Work request: Leaving out every picture, copy the lines of the material below exactly, from the line containing "Detailed map of" through the line containing "中国文化博大精深且历史悠久,石头本身也有".
++++++
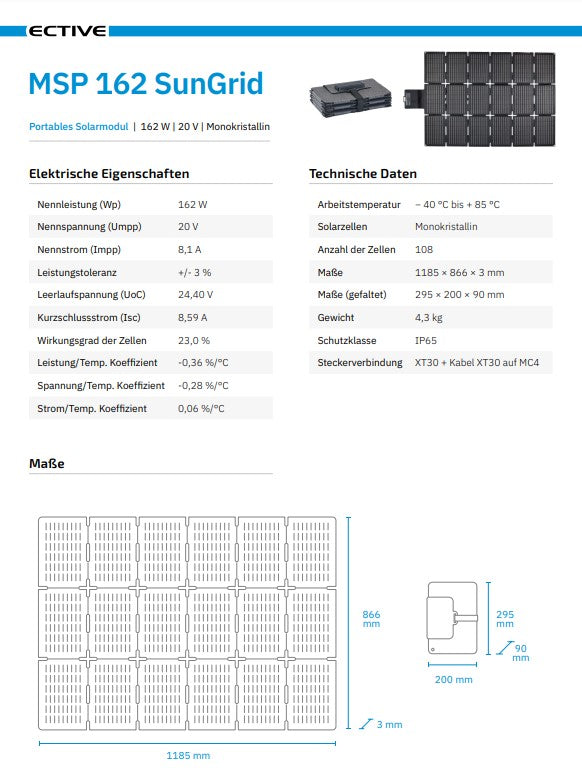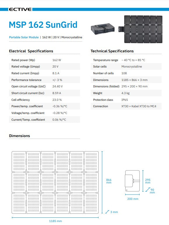 ECTIVE MSP 162 SunGrid faltbares Solarmodul 162W Solartasche
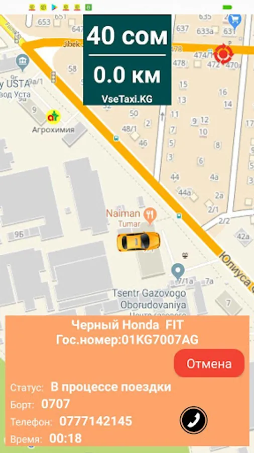 Detailed map of 2gis Bishkek and Osh. It is possible to see the location of the driver on the map before and during the order process. Safely.
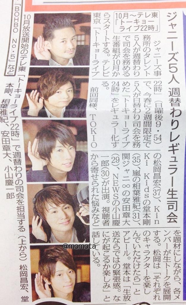 JUGEMテーマ:堂本剛 Twitterで流れてきたんですが、詳細がわからず、本当なのかちょっと待っていました。 今朝の新聞で発表になったようです。 そう、テレ東での生番組「トーキョーライブ22時」が毎週日曜日に復活すると。 5人なので、生といえども約1か月に1度くらいでしょうか。 よかったああ。 ジャニーズ×テレ東生番組、レギュラーで復活 テレビ東京系にて10月から、松岡昌宏(TOKIO)、堂本剛(KinKi Kids)、相葉雅紀(嵐)、安田章大(関ジャニ∞)、小山慶一郎(NEWS)が週替わ...
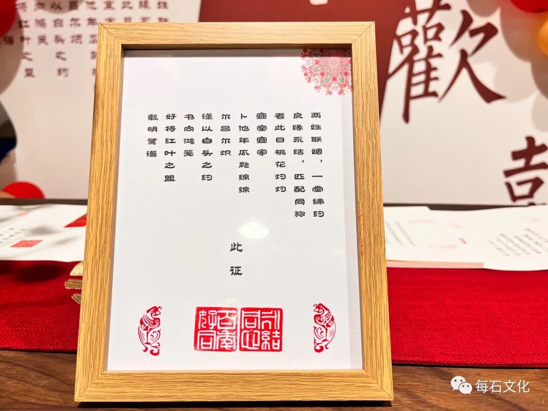 中国文化博大精深且历史悠久,石头本身也有“海枯石烂”的意义,印本身带有“印信”的含义,所以“印信”也表示承诺和责任。对章本身也象征着两人婚姻美满,能够相伴一生,白头偕老的信物,心心相应,盖下印章的那一刻,礼成。这些往昔古朴的婚书字句更适合流淌在夫妻心间......
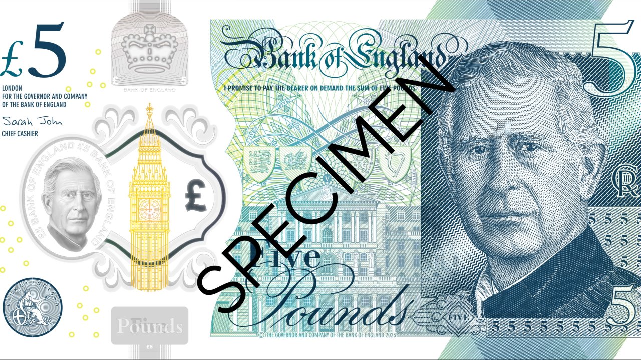 Новите банкноти от полимерен материал от 5, 10, 20 и 50 паунда имат портрет на Чарлз отпред, както и негова камея (вид овално изображение или изделие, често използвано и в бижутерството) в прозрачния защитен прозорец на банкнотите, като в останалата си част остават сходно с настоящия дизайн, пише БТА.
++++++
Solution to this task:
 Detailed map of 2gis Bishkek and Osh. It is possible to see the location of the driver on the map before and during the order process. Safely.
 JUGEMテーマ:堂本剛 Twitterで流れてきたんですが、詳細がわからず、本当なのかちょっと待っていました。 今朝の新聞で発表になったようです。 そう、テレ東での生番組「トーキョーライブ22時」が毎週日曜日に復活すると。 5人なので、生といえども約1か月に1度くらいでしょうか。 よかったああ。 ジャニーズ×テレ東生番組、レギュラーで復活 テレビ東京系にて10月から、松岡昌宏(TOKIO)、堂本剛(KinKi Kids)、相葉雅紀(嵐)、安田章大(関ジャニ∞)、小山慶一郎(NEWS)が週替わ...
 中国文化博大精深且历史悠久,石头本身也有“海枯石烂”的意义,印本身带有“印信”的含义,所以“印信”也表示承诺和责任。对章本身也象征着两人婚姻美满,能够相伴一生,白头偕老的信物,心心相应,盖下印章的那一刻,礼成。这些往昔古朴的婚书字句更适合流淌在夫妻心间......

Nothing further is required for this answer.